FIG. 3—An exploded perspective view of the device for mounting the permanent magnets in electric motor rotors of the present invention;

FIG. 4—the device that is the object of the present invention suitably coupled to na electric motor rotor;

FIGS. 5.1 and 5.2—show two possible variants for the mounting process that is object of the present invention, while FIG. 5.1 shows the device anchored in a cutout of the magnetic core, while in FIG. 5.2, the mounting device is anchored in the space between the magnets, and

FIG. 6—shows another embodiment in which the mounting device is fixed to the magnetic core through a rivet.

DETAILED DESCRIPTION OF THE INVENTION

The invention will now be described in detail based on the drawings, to which numerical references will be allocated in order to facilitate its understanding.

Initially it is clear that the device for mounting the permanent magnets in electric motor rotors, which is the object of the present invention, is destined, primarily, to the use in electric motor comprising a rotor 1 composed of a magnet-coated (3) metal core (2).

As can best be seen in FIGS. 3 and 4, the preferential embodiment of the invention, the device for mounting the permanent magnets in electric motor rotors comprises a helical elastic element 6 disposed around the magnets 3, and preferably the diameter of the helical elastic element 6 is, significantly or not, smaller than the outer diameter of the magnet assembly 3, which are positioned over the outer surface of the metal core 2. Furthermore, the paces between the windings of the helical elastic element 6 are distant from each other by a distance d so as to maintain visible the portions of the outer surface of the magnet (3) assembly.

With the proposed embodiment, the element 6—which has been made by a metallic cover 5 in the current state of art—and aims to increase the mechanical resistance of mounting the magnet assembly 3, has the shape of a flat helix winding coil which can elastically deform and “copy” the external dimension of the rotor 1.

For mounting the elastic element 6 in the magnets 3, it is elastically opened until it reaches a diameter greater than the rotor 2/magneto 3 for then be released and positioned on the assembly. The elasticity of the elastic element 6 provides it with the capacity to mold itself to the outer diameter of the magnets 3 at a magnitude of diameter variation of at least one order of magnitude higher than the resolution of cover-piece 5 shown in FIGS. 2.1 and 2.2—namely, the winding constant of the elastic element 6 in the form of winding coils leads to a firmly compression of their windings against the magnets 3 independently of their dimensional variation, thus eliminating the remaining voids between the parts that currently requires to be filled with resin or similar materials.

Therefore, the residual stress in the elastic element 6 due to the differential dimension in respect to its original state is sufficient to keep it in position and, possibly, sufficient to ensure the mechanical resistance required for the functioning of the motor, depending on the rigidity of said helical elastic element 6.

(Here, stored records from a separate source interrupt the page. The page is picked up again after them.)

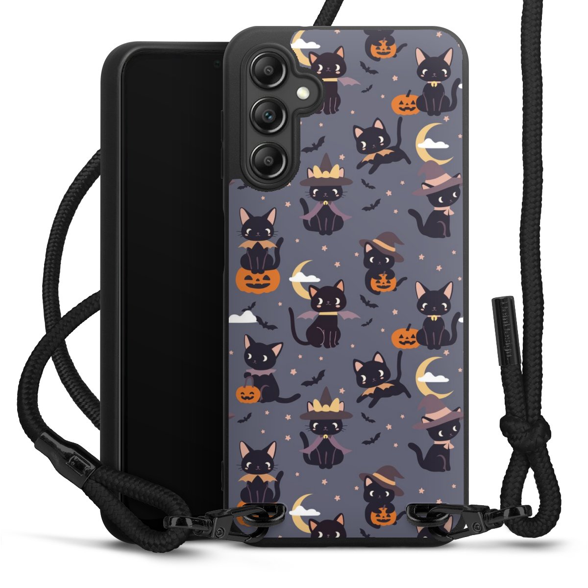 Pure Black: Phone case, fabric strap and metal details in stylish matt black.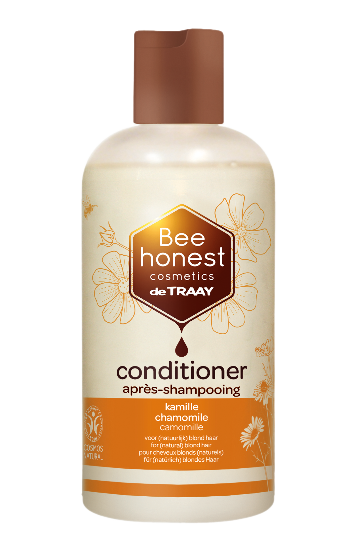 De Conditioner Kamille van Bee Honest Cosmetics is een verzorgende conditioner voor blond en geblondeerd haar. Meadowfoamolie herstelt, hydrateert en maakt het haar zijdezacht. Zonnebloemolie hydrateert, beschermt en voorkomt droog, broos en pluizend haar. Biologische honing van De Traay zorgt voor een gezonde hoofdhuid en voedt, hydrateert en verzacht het haar. Biologisch kamille extract verheldert blond en geblondeerd haar op natuurlijke wijze. De Conditioner Kamille heeft een zachte geur van kamille.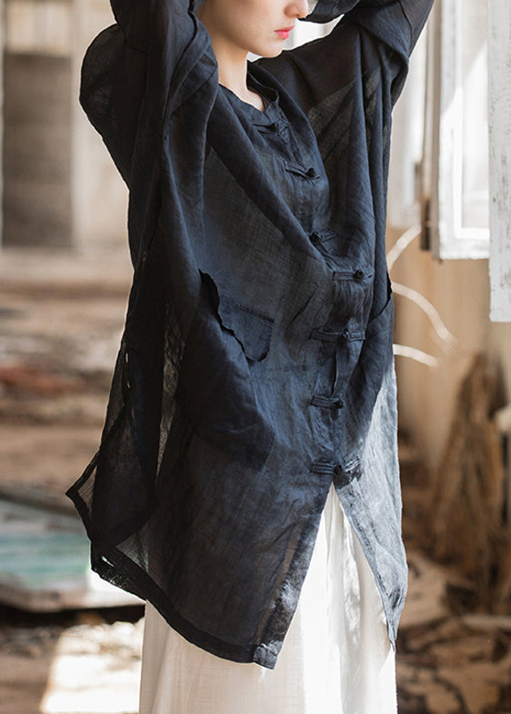 The Plus Size Black Oriental Button Linen Shirts Tops Spring TZ049 is evocative, to say the least, but that's why you're drawn to it in the first place.

It should be noted that the preferred proposed embodiment aims, basically, to increase the mounting resistance of the magnets 3 to the centrifugal force. However, if a more robust mounting is identified, the following options for mounting can be used:

1—Use of adhesive. One can apply adhesive onto the outer surface of the magnets 3, onto the surface of the internal helical elastic element 6, or both. The adhesive may be applied over the entire inner surface of the helical elastic element 6 or only the two ends 61 thereof into an area sufficient sufficient to ensure the mechanical resistance required for the mounting the magnets 3. It should be noted that the process of applying the adhesive can be manual, automatic, or chemically applied to the elastic element 6, a process is a similar to that applied in enameled wires, called “thermal cementable”.

2—Mechanical Fixing. The mechanical mounting of the helical elastic element 6 can be guaranteed by any attachment elements intended to constitute latches at its ends with a mechanical solution comprised of screw, rivet or like elements, or even by a end forming 61 of the elastic element 6, as a hook-shaped form, for example. The important thing is to ensure that the elastic element 6 is rigidly mounted in the rotor core 1. Such constructive alternatives are shown in FIGS. 5.1, 5.2 and 6 attached, and it is important to emphasize that these can optionally use adhesive as auxiliary resources for mounting.

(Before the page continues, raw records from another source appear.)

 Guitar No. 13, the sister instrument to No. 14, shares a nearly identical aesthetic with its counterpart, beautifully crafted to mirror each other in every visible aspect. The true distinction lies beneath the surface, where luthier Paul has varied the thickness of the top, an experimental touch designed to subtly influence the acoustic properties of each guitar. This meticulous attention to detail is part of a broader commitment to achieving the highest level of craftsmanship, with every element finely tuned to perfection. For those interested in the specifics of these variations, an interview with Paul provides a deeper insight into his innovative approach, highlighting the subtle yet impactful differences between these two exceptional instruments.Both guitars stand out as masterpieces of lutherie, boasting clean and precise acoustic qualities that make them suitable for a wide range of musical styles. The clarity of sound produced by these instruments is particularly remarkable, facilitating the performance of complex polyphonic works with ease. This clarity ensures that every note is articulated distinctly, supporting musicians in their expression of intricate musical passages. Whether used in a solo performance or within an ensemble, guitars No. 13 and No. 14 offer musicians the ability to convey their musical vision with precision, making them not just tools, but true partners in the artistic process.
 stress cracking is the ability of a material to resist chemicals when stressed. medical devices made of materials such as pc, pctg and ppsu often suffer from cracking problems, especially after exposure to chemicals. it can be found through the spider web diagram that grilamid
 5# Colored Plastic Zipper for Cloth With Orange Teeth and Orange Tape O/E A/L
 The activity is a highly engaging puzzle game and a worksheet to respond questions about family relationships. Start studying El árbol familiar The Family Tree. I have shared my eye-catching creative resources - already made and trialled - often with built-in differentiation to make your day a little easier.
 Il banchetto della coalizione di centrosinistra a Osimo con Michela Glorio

The present invention also comprises a process for mounting permanent magnets in electric motor rotors, which comprises the following steps:

• • constructing the helical elastic element with a diameter smaller than the outer diameter of the magnet assembly (3) positioned on the outer surface of the metal core;
  • elastically expanding the helical elastic element;
  • engaging the helical elastic element around the magnet assembly to enable that the elastic force of the helical elastic element causes the latter be rigidly molded to the outer diameter of the magnet assembly.

Preferably, the said process further comprises the step of mounting the helical elastic element 6 with the magnet assembly 3 through the use of adhesive, fixing elements or end forming 61 of the helical elastic element 6.

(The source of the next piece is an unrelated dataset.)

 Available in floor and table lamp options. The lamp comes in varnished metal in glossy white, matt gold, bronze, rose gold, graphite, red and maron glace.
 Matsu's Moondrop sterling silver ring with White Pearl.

It is noteworthy that although the preferred embodiments for mounting have been shown in the present invention, it is understood that any omissions, substitutions and constructive alterations can be made by a person skilled in the art without moving apart from the spirit and scope of the claimed protection. It is also expressly stated that all combinations of those elements that substantially perform the same function in the same way to achieve the same results are within the scope of the invention. Substitutions of elements of a type described by others are also fully intended and contemplated.

Claims

1. A device for mounting magnets in an electric motor rotor, which said motor comprises a rotor composed of a metal core coated by a magnet assembly, wherein said device comprises at least a helical elastic element arranged around the magnet assembly, and wherein:

a diameter of said at least one helical elastic element is smaller than an outer diameter of the magnet assembly positioned on an outer surface of the metal core; and

paces between windings of the at least one helical elastic element are distant from each other so as to maintain visible portions of the outer surface of the magnet assembly.

2. The device according to claim 1, wherein the at least one helical elastic element is fixed to the magnet assembly through their elastic force.

3. The device according to claim 1, by the fact wherein the at least one helical elastic element is fixed to the magnet assembly through the use of an adhesive material.

4. The device according to claim 3, wherein at least the adhesive material for mounting between the at least one helical elastic element and the magnet assembly is applied onto the outer surface of the magnet assembly.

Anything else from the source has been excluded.